Ардуанов подошел к Шамуку после всех артельщиков, когда те уже наговорились и нащелкались вдосталь, выведя Салахиева одного на лесную тропу, долго расспрашивал тоже, что и как. Сказал под конец:
— Ну, сынок, напугался я было чуть не до смерти, думаю, упрятали тебя навовсе. Давай уж, чтоб более не попадаться, веди себя как следовает...
— Сказать честно, Мирсаит-абзый, вот честно? Поклялся я там, мол, если на этот раз выкарабкаюсь, никогда, ну, никогда! — не подниму на человека руку. Никогда, ну, никогда!
— Верно это?
— Чтоб мне провалиться. Чтоб мне солнца больше не увидеть.
11
— Ну ребята, начинаем наш первый урок.
За длинным, корявым столом в бараке сидели человек двадцать мужиков-артелыциков. Услышав: «ребята», они громко захохотали, и вслед за этими бородатыми «детьми» засмеялась молоденькая «учителка».

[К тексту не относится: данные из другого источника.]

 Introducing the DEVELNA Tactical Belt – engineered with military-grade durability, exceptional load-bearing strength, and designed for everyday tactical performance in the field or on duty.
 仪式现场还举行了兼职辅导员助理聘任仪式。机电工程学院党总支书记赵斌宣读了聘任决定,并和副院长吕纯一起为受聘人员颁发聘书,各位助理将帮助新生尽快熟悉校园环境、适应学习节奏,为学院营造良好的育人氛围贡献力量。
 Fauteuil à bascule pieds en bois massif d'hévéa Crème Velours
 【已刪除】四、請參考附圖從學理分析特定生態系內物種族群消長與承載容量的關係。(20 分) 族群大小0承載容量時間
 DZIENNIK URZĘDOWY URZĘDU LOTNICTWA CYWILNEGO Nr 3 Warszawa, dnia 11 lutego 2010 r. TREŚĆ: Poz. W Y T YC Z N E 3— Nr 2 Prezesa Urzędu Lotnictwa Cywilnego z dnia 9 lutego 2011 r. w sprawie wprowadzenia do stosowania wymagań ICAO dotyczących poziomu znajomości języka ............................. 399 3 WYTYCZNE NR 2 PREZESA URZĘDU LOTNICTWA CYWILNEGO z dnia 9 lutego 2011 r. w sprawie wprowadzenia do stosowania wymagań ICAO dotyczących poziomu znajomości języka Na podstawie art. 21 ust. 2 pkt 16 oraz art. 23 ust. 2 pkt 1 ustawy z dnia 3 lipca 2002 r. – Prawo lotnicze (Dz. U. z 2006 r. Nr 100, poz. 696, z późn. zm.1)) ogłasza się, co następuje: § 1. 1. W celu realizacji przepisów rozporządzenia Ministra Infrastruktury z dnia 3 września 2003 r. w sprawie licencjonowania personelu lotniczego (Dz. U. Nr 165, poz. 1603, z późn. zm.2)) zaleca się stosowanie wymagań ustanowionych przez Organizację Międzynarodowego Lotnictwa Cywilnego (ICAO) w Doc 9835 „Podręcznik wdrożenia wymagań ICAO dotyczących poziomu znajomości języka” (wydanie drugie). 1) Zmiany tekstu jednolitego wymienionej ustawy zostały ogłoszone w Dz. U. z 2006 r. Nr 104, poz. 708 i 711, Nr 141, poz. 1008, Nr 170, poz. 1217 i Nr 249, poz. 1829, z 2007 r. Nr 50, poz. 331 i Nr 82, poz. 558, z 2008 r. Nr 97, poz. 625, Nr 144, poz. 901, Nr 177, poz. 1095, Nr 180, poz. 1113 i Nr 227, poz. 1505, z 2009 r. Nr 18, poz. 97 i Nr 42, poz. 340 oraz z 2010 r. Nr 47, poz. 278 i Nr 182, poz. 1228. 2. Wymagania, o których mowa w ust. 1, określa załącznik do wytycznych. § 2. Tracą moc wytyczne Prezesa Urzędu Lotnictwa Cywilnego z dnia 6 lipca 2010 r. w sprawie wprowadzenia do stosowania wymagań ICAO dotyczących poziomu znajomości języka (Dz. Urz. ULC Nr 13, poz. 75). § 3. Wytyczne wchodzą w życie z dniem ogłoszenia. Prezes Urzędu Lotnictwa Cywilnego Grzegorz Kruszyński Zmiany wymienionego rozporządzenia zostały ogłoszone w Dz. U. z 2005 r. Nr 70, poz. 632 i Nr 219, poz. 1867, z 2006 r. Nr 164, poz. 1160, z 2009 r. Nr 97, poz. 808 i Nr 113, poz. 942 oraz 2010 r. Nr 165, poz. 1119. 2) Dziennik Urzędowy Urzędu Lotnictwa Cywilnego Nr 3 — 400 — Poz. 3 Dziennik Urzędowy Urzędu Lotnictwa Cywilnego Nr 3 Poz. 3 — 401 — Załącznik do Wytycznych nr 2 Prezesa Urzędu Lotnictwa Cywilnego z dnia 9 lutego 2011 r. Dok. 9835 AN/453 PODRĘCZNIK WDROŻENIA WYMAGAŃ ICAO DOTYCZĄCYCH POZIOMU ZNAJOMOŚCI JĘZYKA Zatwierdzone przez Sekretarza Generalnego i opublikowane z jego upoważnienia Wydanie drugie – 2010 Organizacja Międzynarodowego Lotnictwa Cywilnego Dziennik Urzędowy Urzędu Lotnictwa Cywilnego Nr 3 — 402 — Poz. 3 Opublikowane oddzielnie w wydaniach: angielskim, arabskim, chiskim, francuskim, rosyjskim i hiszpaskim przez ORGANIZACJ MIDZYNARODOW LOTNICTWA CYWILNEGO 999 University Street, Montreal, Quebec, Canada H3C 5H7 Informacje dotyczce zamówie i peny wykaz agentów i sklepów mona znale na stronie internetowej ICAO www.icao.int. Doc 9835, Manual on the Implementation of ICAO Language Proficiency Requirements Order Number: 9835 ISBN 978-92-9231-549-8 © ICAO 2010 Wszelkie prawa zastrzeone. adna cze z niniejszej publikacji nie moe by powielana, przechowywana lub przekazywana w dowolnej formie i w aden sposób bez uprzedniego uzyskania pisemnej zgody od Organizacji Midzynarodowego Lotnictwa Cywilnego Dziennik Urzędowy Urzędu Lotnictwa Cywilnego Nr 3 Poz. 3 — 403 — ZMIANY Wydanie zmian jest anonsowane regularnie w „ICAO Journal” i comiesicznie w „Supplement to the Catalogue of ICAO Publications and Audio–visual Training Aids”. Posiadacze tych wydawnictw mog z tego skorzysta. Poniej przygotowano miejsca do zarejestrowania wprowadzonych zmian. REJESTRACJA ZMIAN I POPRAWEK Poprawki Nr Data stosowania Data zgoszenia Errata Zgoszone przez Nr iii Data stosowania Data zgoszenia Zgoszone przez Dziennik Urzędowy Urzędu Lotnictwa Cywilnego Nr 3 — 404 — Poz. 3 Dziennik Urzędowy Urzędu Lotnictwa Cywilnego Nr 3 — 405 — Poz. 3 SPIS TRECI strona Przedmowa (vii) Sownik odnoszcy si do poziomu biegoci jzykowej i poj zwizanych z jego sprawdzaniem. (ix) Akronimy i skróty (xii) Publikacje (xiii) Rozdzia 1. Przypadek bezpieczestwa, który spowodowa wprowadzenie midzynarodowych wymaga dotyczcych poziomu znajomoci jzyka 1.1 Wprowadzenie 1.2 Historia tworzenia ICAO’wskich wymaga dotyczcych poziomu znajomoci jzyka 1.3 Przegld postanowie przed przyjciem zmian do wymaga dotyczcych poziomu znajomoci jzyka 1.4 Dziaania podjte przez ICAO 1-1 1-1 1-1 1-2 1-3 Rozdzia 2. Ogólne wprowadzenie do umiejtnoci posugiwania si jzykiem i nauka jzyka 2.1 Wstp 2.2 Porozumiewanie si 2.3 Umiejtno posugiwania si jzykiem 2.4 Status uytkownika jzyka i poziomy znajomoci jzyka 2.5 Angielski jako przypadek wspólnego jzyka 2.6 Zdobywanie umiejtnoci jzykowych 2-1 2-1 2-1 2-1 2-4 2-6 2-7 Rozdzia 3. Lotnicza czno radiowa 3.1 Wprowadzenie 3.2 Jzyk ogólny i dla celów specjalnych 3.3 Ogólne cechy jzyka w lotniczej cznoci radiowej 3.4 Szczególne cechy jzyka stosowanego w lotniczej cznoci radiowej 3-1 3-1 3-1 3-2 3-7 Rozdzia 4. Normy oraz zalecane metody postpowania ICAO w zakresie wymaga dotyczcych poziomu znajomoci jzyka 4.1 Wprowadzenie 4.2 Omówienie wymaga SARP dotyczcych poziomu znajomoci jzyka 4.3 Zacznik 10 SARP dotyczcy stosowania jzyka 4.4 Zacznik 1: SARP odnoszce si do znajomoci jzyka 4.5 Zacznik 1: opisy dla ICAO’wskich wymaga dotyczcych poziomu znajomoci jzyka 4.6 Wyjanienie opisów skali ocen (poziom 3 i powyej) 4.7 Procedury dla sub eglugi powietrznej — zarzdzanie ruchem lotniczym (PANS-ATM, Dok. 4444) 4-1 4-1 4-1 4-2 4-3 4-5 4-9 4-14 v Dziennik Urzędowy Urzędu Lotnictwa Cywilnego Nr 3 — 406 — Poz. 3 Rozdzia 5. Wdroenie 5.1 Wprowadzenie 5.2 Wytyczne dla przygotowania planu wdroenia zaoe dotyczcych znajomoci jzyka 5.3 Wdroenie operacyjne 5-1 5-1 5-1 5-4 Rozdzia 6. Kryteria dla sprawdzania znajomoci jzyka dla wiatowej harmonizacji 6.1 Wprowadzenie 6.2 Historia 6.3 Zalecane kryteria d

Лет ей, наверное, девятнадцать. Черные, волнистые волосы заплетены в тугие косы. Из-под густых, темных бровей смотрят на мир большие карие глаза. Смотрят пристально-внимательно и добро. Нос у нее ровный, красивый, губы розовые, полные, а когда они раскрываются, между передними зубами щелочку видно. Маленькая такая щелочка, потешная. Ах и учителка! Словно сестреночка младшая... А Мирсаит-абзый ее сразу признал: в конторе-то в тот день она была. Точно, она.
Артельщики — люди тяжелые, очерствевшие от долгой разлуки с родными краями, со своими женами. Эта юная «учителка» словно пробудила их, зажгла ясную зорьку в шершавых душах. Нефуш — Певчая Пташка, Шамук да Киньябулат — они что, сами еще зелены, но даже Мирсаит-абзый и тот почувствовал, как и тогда, в конторе, какое-то странное волнение. Увидел вдруг свою Маугизу, что осталась в Старокурмашеве, детишек... Эх, привезти бы их с собой, жить бы вместе, жить не тужить...
До сладкой боли ясно, зримо вспомнилось Ардуанову сватовство его к дочери Шайхелислама Маугизе.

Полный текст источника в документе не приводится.